I started out with just the basic loop and a quick test of 2 epochs. I did have it plot some of the last batch of training and regenerated images at the end of each epoch.

Updated Imports and Module Variables

Firstly, I have expanded imports and added some control variables to the main autoencoder module, autoe.py. So here’s everything up to the code to get and implement any command line args.

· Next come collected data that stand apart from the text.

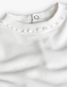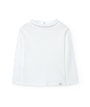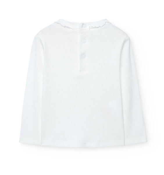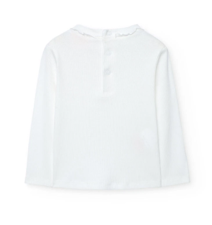 See valge tüdrukute T-särk on valmistatud 100% kvaliteetsest puuvillast, tagades mugavuse ja hingavuse kogu päeva vältel. Ümar kaelus koos õrna volangiga lisab pluusile armsat ja elegantset ilmet, samas kui pikad varrukad pakuvad soojust ja kaitset jahedamal ajal.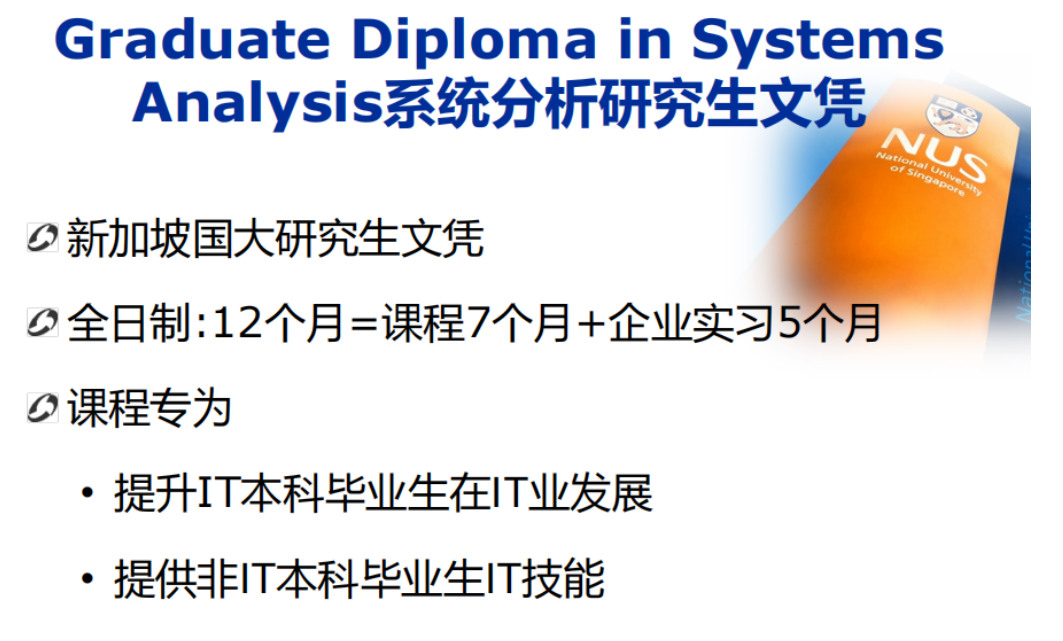 系统分析研究生文凭课程不限制学生学校背景及专业背景,为非IT学生提供入读IT课程机会。大三利用寒暑假时间线上即可完成部分模块课程,5个月新加坡线下相关岗位带薪实习。结课后GPA达到3.0即可获得系统科学院硕士课程直升机会,一次性帮助学生解决无相关课程背景,无工作经验、笔试面试不通过无法入读心仪课程的问题。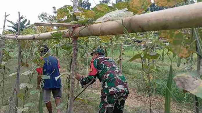PAMEKASAN | SIGAP88 – Dalam upaya mendukung ketahanan pangan di wilayah binaannya, Babinsa Koramil 0826-08 Palengaan, Kopda Hairul Umam melaksanakan komunikasi sosial (komsos) dengan Madsu’i, seorang petani gambas di Dusun Taretah 2, Desa Palengaan Dajah, Kecamatan Palengaan, Kamis (31/7/2025).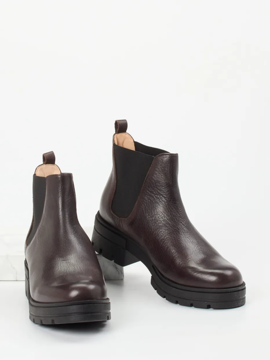 Ob beim Stadtbummel oder im Büroalltag – das Modell überzeugt durch genarbtes Kalbleder in tiefem Dunkelbraun und eine profilierte Gummisohle mit leichter Absatzhöhe von 3 cm. Elastikeinsätze und die praktische Schlupfform sorgen für Komfort und ein minimalistisches Gesamtbild. Die rund zulaufende, knöchelhohe Silhouette passt zu urbanen Casual-Looks ebenso wie zu klassischen Outfits. Trend-Elemente wie die massive Sohle und Ton-in-Ton-Details greifen aktuelle Stilrichtungen wie Quiet Luxury auf.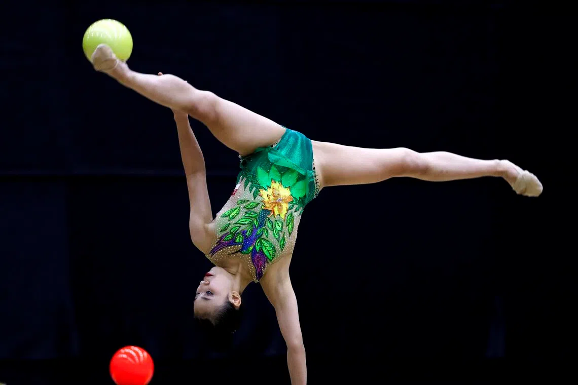Mikayla Yang in action during the SEA Games rhythmic gymnastics women’s individual all-around ball round, which saw her remain at the top of the standings before the final two rounds. She ended up winning the silver on Dec 16 in Pathum Thani.

import matplotlib.pyplot as plt
import numpy as np
import torch
import torch.nn as nn
import torch.optim as optim
import torchvision
import torchvision.transforms as T
from tqdm import tqdm

import math
import sys
# print(sys.path)
sys.path.append('../shared_mods')
# print(sys.path)

import config as cfg              # type: ignore
import utils as utl               # type: ignore
from logger import Logger         # type: ignore
from autoencoder import AE_Simple # type: ignore

# debugging
# explicitly raise an error with a stack trace
torch.autograd.set_detect_anomaly(True)

# runtime control for this module
DEBUG = False
trn_model = True
tst_model = False
# test control booleans
tst_clp = False
tst_get_data = False

Training Loop

As you perhaps noticed, the training loop will be in an if block. Once I got the simple test working I added code to save checkpoints and the list of loss values. But here’s the first bit.

if trn_model:
  # instantiate autoencoder
  img_wd, img_ht = trn_set[0][0].shape[1], trn_set[0][0].shape[2]
  sz_inp = img_wd * img_ht
  isz_log2 = int(math.log2(sz_inp))
  ls_mid = int(2**(isz_log2 - 1))
  ls_fin = 16
  aec = AE_Simple(sz_inp, ls_mid, ls_fin).to(cfg.device)
  print(f"\n{aec}")

  f_loss = nn.MSELoss()
  opt = optim.Adam(aec.parameters(), lr=0.0005)

  outputs = []
  losses = []
  for epoch in range(cfg.epochs):
    l_spc, l_lbl = [], []
    for (img, lbl) in tqdm(trn_ldr, desc=f"epoch {epoch + 1}"):
      # flatten the image tensors to
      img = img.reshape(-1, sz_inp).to(cfg.device)
      # get autoencoder outputs
      regen, lspc = aec(img)
      # calculating loss and update the model
      loss = f_loss(regen, img)
      opt.zero_grad()
      loss.backward()
      opt.step()
        
      # Storing the losses in a list for plotting
      t_loss = loss.detach().cpu().item()
      losses.append(t_loss)
      l_spc.extend(lspc)
      l_lbl.extend(lbl)

    # save plots of 16 images from traing data and regenerated data for last iteration
    img_rs = img.reshape(cfg.batch_sz, 1, 28, 28)
    rgn_rs = regen.reshape(cfg.batch_sz, 1, 28, 28)
    s_ndx = int(cfg.rng.integers(0, 16, 1)[0])
    e_ndx = s_ndx + 16
    utl.image_grid(img_rs[s_ndx:e_ndx], 8, i_show=False, epoch=epoch, b_sz=cfg.batch_sz, img_cl='trn')
    utl.image_grid(rgn_rs[s_ndx:e_ndx], 8, i_show=False, epoch=epoch, b_sz=cfg.batch_sz, img_cl='regen')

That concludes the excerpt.